### WORK TO BE COMPLETED
Each line of data below is to be returned exactly, leaving out any picture.

Start of DATA SECTION

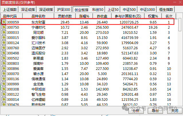 今天创业板贡献点数最多的个股
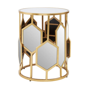 The Rio side table features a gold finish iron frame which articulates luxurious appeal. The round mirrored glass top complements the multisized hexagon mirrors that are neatly set on the sides of metallic base. Ideal for styling in a warm metallic interior, this side table will make a distinctive addition to the living room.
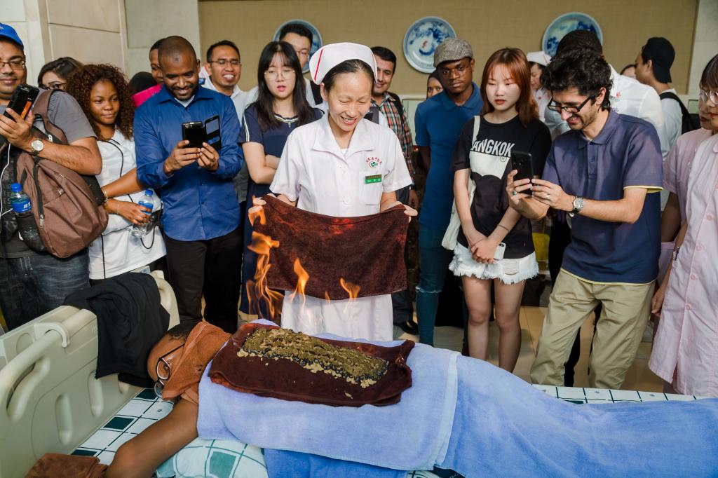 中医药文化探究第二站——“药王飘香”。同学们来到了广东中医药博物馆和广东省中医院大学城医院。在大学城医院,留学生们亲身体验了火龙灸、雷火灸、拔罐以及艾灸等多种中医药传统疗法。一位来自喀麦隆的留学生汤尼自告奋勇提出想体验火龙灸。他说由于缺少运动,长期久坐的他每天起床都感觉腰酸背痛,希望通过中医药疗法,缓解疼痛。当大火升起的那一刻,围观的留学生都惊呼了。但汤尼镇定地说“大家快来体验下,真的很好,很舒服。”

End of DATA SECTION

### FINAL ANSWER
 今天创业板贡献点数最多的个股
 The Rio side table features a gold finish iron frame which articulates luxurious appeal. The round mirrored glass top complements the multisized hexagon mirrors that are neatly set on the sides of metallic base. Ideal for styling in a warm metallic interior, this side table will make a distinctive addition to the living room.
 中医药文化探究第二站——“药王飘香”。同学们来到了广东中医药博物馆和广东省中医院大学城医院。在大学城医院,留学生们亲身体验了火龙灸、雷火灸、拔罐以及艾灸等多种中医药传统疗法。一位来自喀麦隆的留学生汤尼自告奋勇提出想体验火龙灸。他说由于缺少运动,长期久坐的他每天起床都感觉腰酸背痛,希望通过中医药疗法,缓解疼痛。当大火升起的那一刻,围观的留学生都惊呼了。但汤尼镇定地说“大家快来体验下,真的很好,很舒服。”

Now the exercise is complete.